__DIRECTIONS__
Write each line out exactly, from the one containing "A LARGE JAPANESE" through the final line of the data, and keep pictures out of the copy.

Stored entries:
——
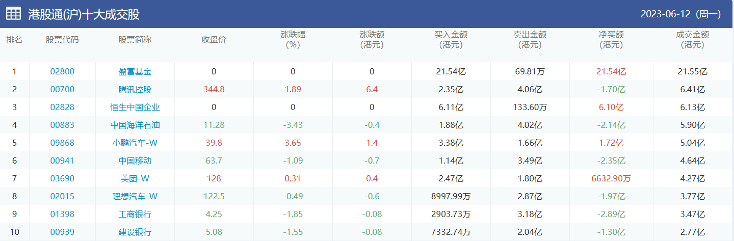 亚汇网实时数据统计:截至6月13日收盘,盈富基金、腾讯控股、恒生中国企业位居港股通(沪)成交前三,盈富基金、腾讯控股、美团-w位居股通(深)成交前三。
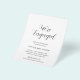 Folleto contemporáneo de invitación a la fiesta de compromiso de presupuesto en blanco y negro con un diseño sencillo y minimalista con "Estamos comprometidos" en un elegante guión de caligrafía. Un diseño moderno que combina bien con cualquier tipo de fiesta de compromiso. NOTA: No incluyen sobres.
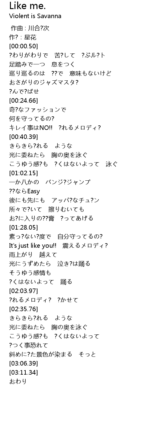 | [02:26.30] | ?れるメロディ? ?かせて |
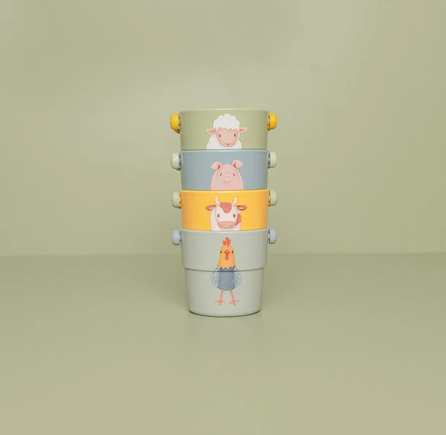 Stack, fill, pour, and SPLASH! Your little one will enjoy bath time even more with this set of 4 bath cups. They come in 4 different colors and are decorated with the cutest farm animals from the Little Farm collection. There is a bath cup with a sheep, pig, cow, and a rooster. The size is just right for small hands, and playing with the little buckets helps develop motor skills. Stack them on top of each other to build a big tower or knock them over. Or fill them with water and watch different shapes flow out.
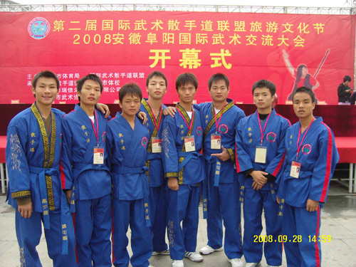 为了弘扬中华武术,为国内外高水平武术运动员提供武术交流平台,由国际武术散手道联盟主办,中国散手道协会、阜阳市体育局承办的第二届国际散手道武术大赛于2008年9月30日在安徽阜阳市体育馆圆满落下帷幕,此次大赛有来自美国、加拿大、俄罗斯及中国等12个国家的1048名运动员参赛,beat365武术队10名选手在领队彭健民主任的带领下,在武术教学团队杨俊军、周惠新、梁正军、陈勤、杨志华等老师的辛勤指导下,通过两年的艰苦训练,参加了竞技太极推手、传统武术劈挂拳等项目的比赛。
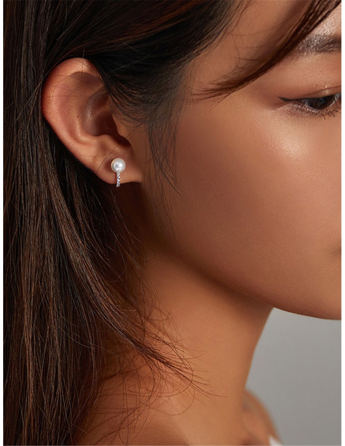 Κομψα σκουλαρίκια κρίκος Bamoer κατασκευασμένα από ασήμι 925 με επιπλατίνωμα, διακοσμημένα με αστραφτερή κυβική ζιρκόνια και πέρλα λευκού χρώματος.
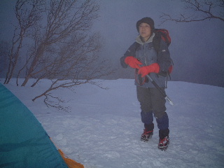| 【二日目:3/4】 起きるとなんと、外はガス! 予報は晴天なので、様子を見ながら行くことにしました。 |
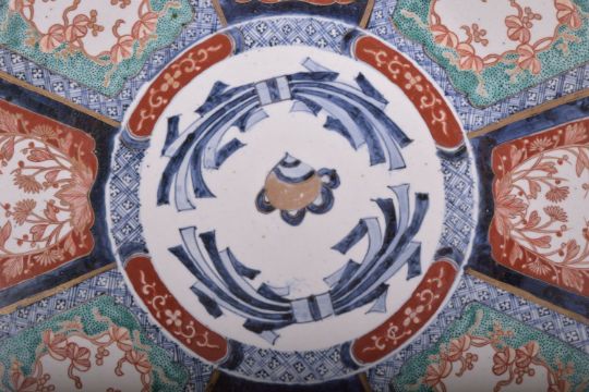 A LARGE JAPANESE IMARI PORCELAIN CHARGER, painted with floral panels in the imari pallette, the centre with a blue, white and gilt design, four character mark to base, 46.5cm diameter.
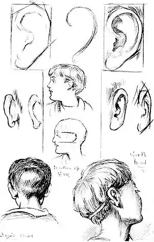 It is difficult to suggest any rules to help in the drawing of an ear. The main thing to bear in mind is the use of the ear.
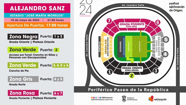 Morelia, Michoacán, 8 de mayo de 2024.- La fecha se acerca para que Alejandro Sanz llegue por primera vez a Michoacán y aquí te contamos cuáles serán los accesos por donde deberás ingresar para ubicar la zona de tu boleto, a partir de las 17:00 horas.
——
__OUTPUT__
 A LARGE JAPANESE IMARI PORCELAIN CHARGER, painted with floral panels in the imari pallette, the centre with a blue, white and gilt design, four character mark to base, 46.5cm diameter.
 It is difficult to suggest any rules to help in the drawing of an ear. The main thing to bear in mind is the use of the ear.
 Morelia, Michoacán, 8 de mayo de 2024.- La fecha se acerca para que Alejandro Sanz llegue por primera vez a Michoacán y aquí te contamos cuáles serán los accesos por donde deberás ingresar para ubicar la zona de tu boleto, a partir de las 17:00 horas.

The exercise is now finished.